_Brief:_ Pictures are not repeated. Every line from the beginning of the entries through the one with "Color photograph of" is restated exactly.

_Supplied data:_
╭──

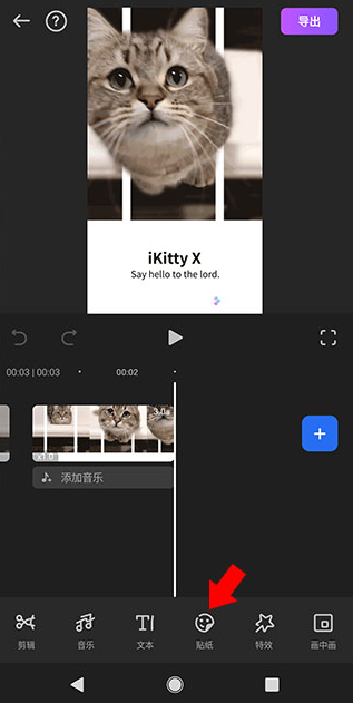 5、位于最下方的是工具栏,通过它能够对视频进行剪辑操作,还能为视频添加文字、贴纸以及特效等。
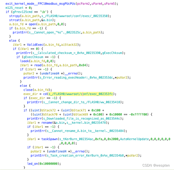 当检查到子功能码为6时,会检查指令是否为8,如果是的话即进行下面的操作:首先构造一个a.bin文件的目录的字符串,尝试open,成功则进行合法性校验,然后又开始读取该文件的header,失败则报错,接着尝试进入/FLASH0/wwwroot/conf/exec目录,成功后通过简单的检查确定文件是否为下载的内核bin,是的话进行改名,将a.bin改为新的kernel.bin,最后创建内核更新的任务,打开led灯。
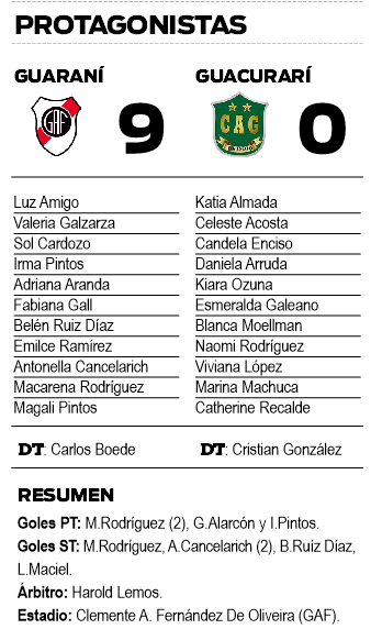 Las chicas franjeadas no tuvieron contemplaciones y aplastaron a Guacurarí por 9-0 en el Clemente Argentino Fernández De Oliveira, en el corazón de Villa Sarita. Macarena Rodríguez, una de las abanderadas de Guaraní, marcó tres tantos. También gritaron Antonella Cancelarich (2), Gabriela Alarcón, Irma Pintos, Belén Ruiz Díaz y Ludmila Maciel para el team dirigido por Carlos “Tuti” Boede, que tiene como capitana a la defensora Fabiana Gall.
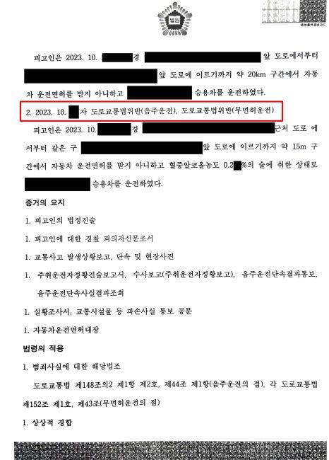 그럼에도 의뢰인은 2023년 10월경 무면허인 상태에서 또다시 음주운전을 하여 무면허운전 및 음주운전으로 수사를 받게 되었습니다.
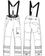 100% polyester, meshfôr, avtakbare seler, teipede sømmer, EN 343 4:4, PFAS-fri, CE-merket, forhøyet ryggparti, stikklommer, toveis glidelås, kneputelommer, snølås, pusteegenskaper
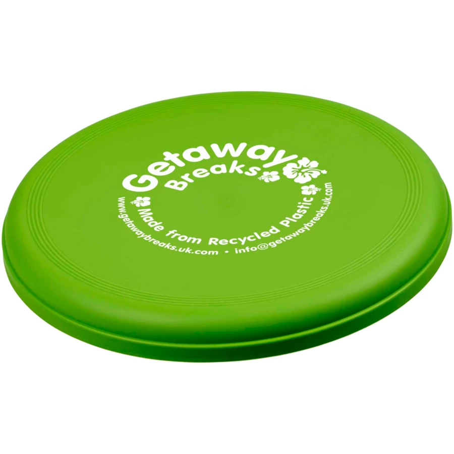 Frisbee made from 100% recycled plastic, combining a fun promotional idea with strong sustainable credentials. Made in the UK and compliant with EN72. The frisbee may have a speckled finish due to the nature of the recycled material. Diameter: 23 cm.
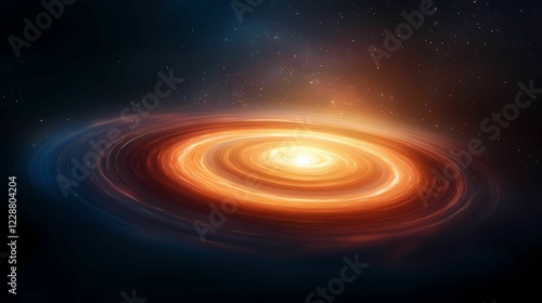 A stunning cosmic image depicting a glowing spiral galaxy with vibrant colors set against a dark, starry background.
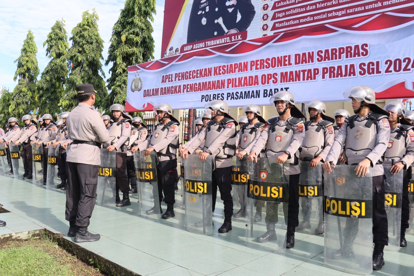“Apel dan pengecekan ini guna memastikan kesiapsiagaan dan peralatan para personel yang akan digunakan selama pelaksanaan Operasi Mantap Praja Singgalang 2024, dalam menjaga Keamanan dan Ketertiban (Kamtibmas) selama tahapan Pilkada serentak 2024 mendatang,” ucap Kapolres Pasaman Barat AKBP Agung Tribawanto.
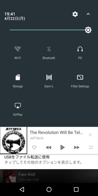 画面上部をスワイプして現れるメニューからは、ヘッドホン/ライン/同軸デジタル出力の切り替えやゲイン切り替え設定などが可能
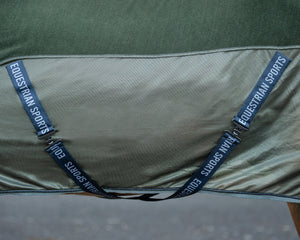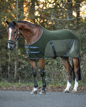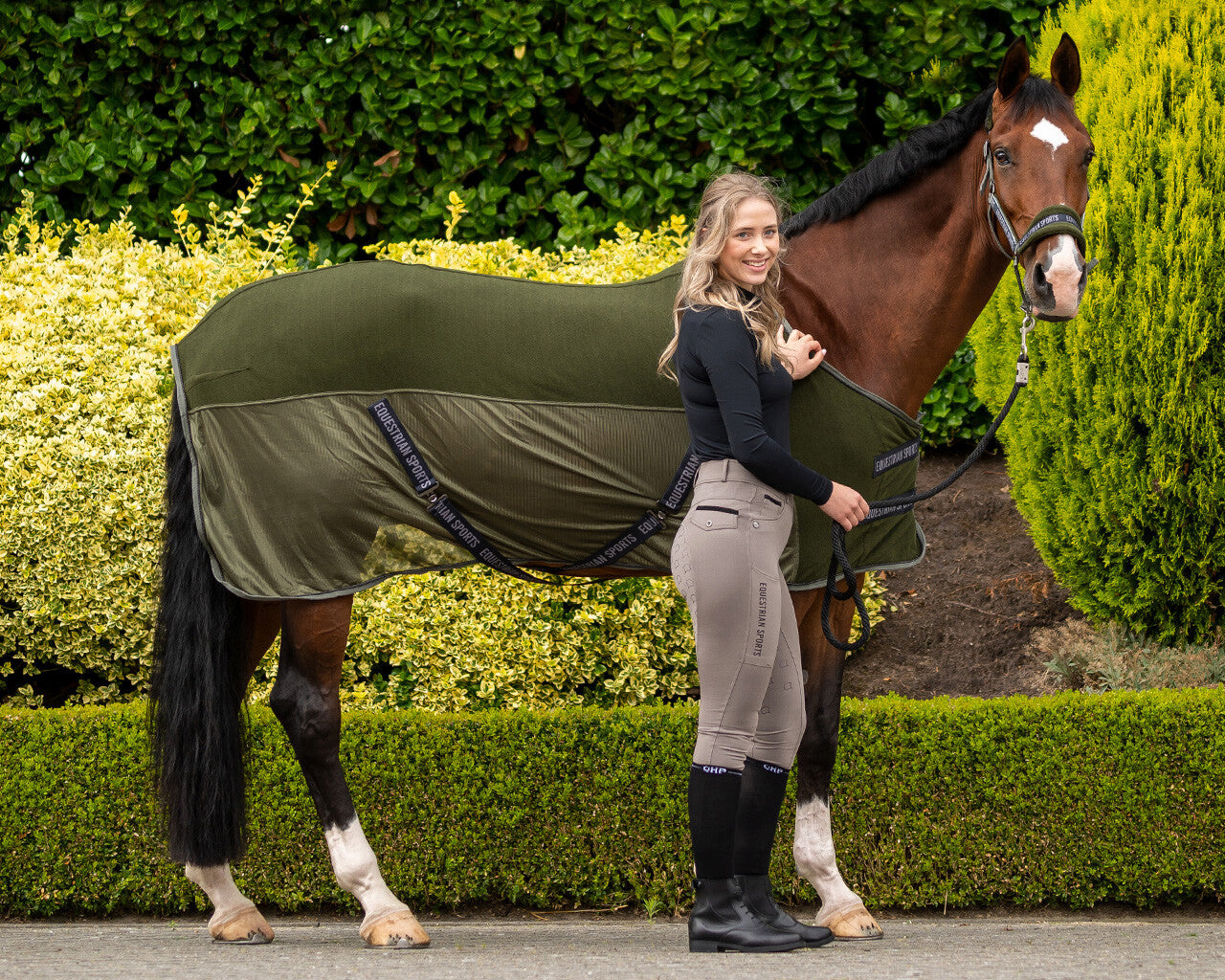 Breathable rug with the text 'Equestrian sports' on the girths. Ideal to use during transport or after horseriding. This rug is part of the Jorine collection.
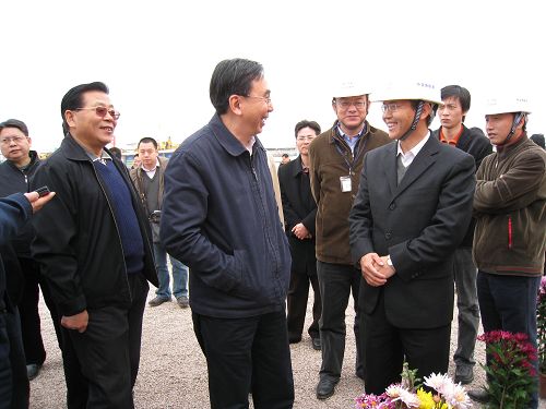 2月1日,廣東省委常委、常務(wù)副省長朱小丹在佛山市領(lǐng)導(dǎo)和四航局總經(jīng)理孫國強(qiáng)等陪同下,到四航局貴廣工地視察慰問。
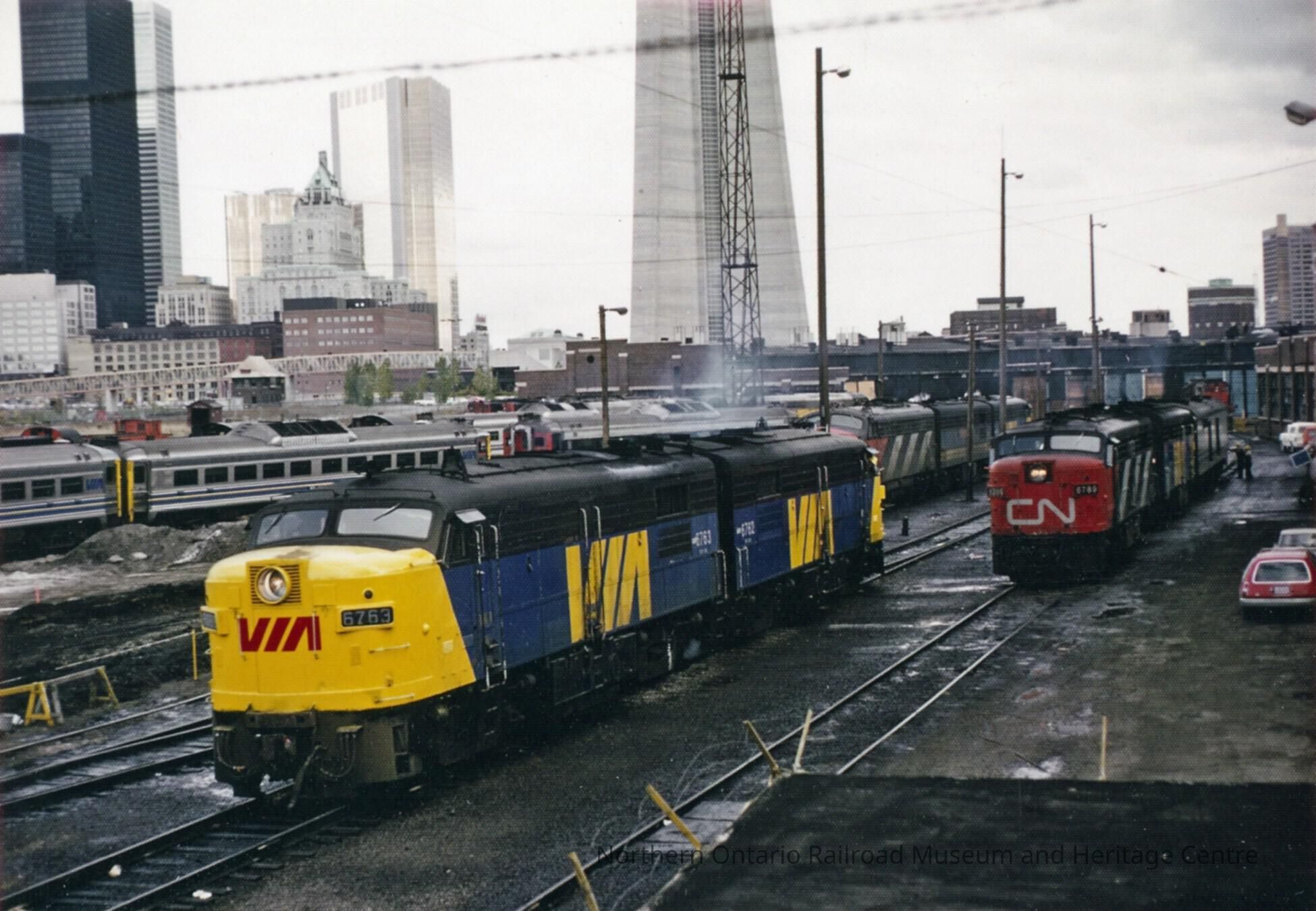 Color photograph of VIA Rail locomotive no. 6763 and CN locomotive no. 6789 in a Toronto railroad yard. Base of CN Tower can be seen near the center of the image.
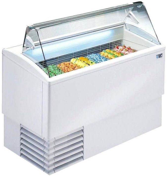 Витрина для мороженого ISA Isetta ST 6R используется на предприятиях общественного питания и торговли для демонстрации и хранения мороженого, сорбета и йогурта-мороженого. Каркас витрины изготовлен из углеродистой стали, окрашенной порошковой краской, внутренняя и внешние оболочки - из пластифицированной стали, поворотная крышка со стороны продавца - из метакрилата. Цельный корпус имеет изоляцию из пенополиуретана, вспененного углекислотой, без использования озоноразрушающих веществ.

╰──

_Solution for this exercise:_
 5、位于最下方的是工具栏,通过它能够对视频进行剪辑操作,还能为视频添加文字、贴纸以及特效等。
 当检查到子功能码为6时,会检查指令是否为8,如果是的话即进行下面的操作:首先构造一个a.bin文件的目录的字符串,尝试open,成功则进行合法性校验,然后又开始读取该文件的header,失败则报错,接着尝试进入/FLASH0/wwwroot/conf/exec目录,成功后通过简单的检查确定文件是否为下载的内核bin,是的话进行改名,将a.bin改为新的kernel.bin,最后创建内核更新的任务,打开led灯。
 Las chicas franjeadas no tuvieron contemplaciones y aplastaron a Guacurarí por 9-0 en el Clemente Argentino Fernández De Oliveira, en el corazón de Villa Sarita. Macarena Rodríguez, una de las abanderadas de Guaraní, marcó tres tantos. También gritaron Antonella Cancelarich (2), Gabriela Alarcón, Irma Pintos, Belén Ruiz Díaz y Ludmila Maciel para el team dirigido por Carlos “Tuti” Boede, que tiene como capitana a la defensora Fabiana Gall.
 그럼에도 의뢰인은 2023년 10월경 무면허인 상태에서 또다시 음주운전을 하여 무면허운전 및 음주운전으로 수사를 받게 되었습니다.
 100% polyester, meshfôr, avtakbare seler, teipede sømmer, EN 343 4:4, PFAS-fri, CE-merket, forhøyet ryggparti, stikklommer, toveis glidelås, kneputelommer, snølås, pusteegenskaper
 Frisbee made from 100% recycled plastic, combining a fun promotional idea with strong sustainable credentials. Made in the UK and compliant with EN72. The frisbee may have a speckled finish due to the nature of the recycled material. Diameter: 23 cm.
 A stunning cosmic image depicting a glowing spiral galaxy with vibrant colors set against a dark, starry background.
“Apel dan pengecekan ini guna memastikan kesiapsiagaan dan peralatan para personel yang akan digunakan selama pelaksanaan Operasi Mantap Praja Singgalang 2024, dalam menjaga Keamanan dan Ketertiban (Kamtibmas) selama tahapan Pilkada serentak 2024 mendatang,” ucap Kapolres Pasaman Barat AKBP Agung Tribawanto.
 画面上部をスワイプして現れるメニューからは、ヘッドホン/ライン/同軸デジタル出力の切り替えやゲイン切り替え設定などが可能
 Breathable rug with the text 'Equestrian sports' on the girths. Ideal to use during transport or after horseriding. This rug is part of the Jorine collection.
 2月1日,廣東省委常委、常務(wù)副省長朱小丹在佛山市領(lǐng)導(dǎo)和四航局總經(jīng)理孫國強(qiáng)等陪同下,到四航局貴廣工地視察慰問。
 Color photograph of VIA Rail locomotive no. 6763 and CN locomotive no. 6789 in a Toronto railroad yard. Base of CN Tower can be seen near the center of the image.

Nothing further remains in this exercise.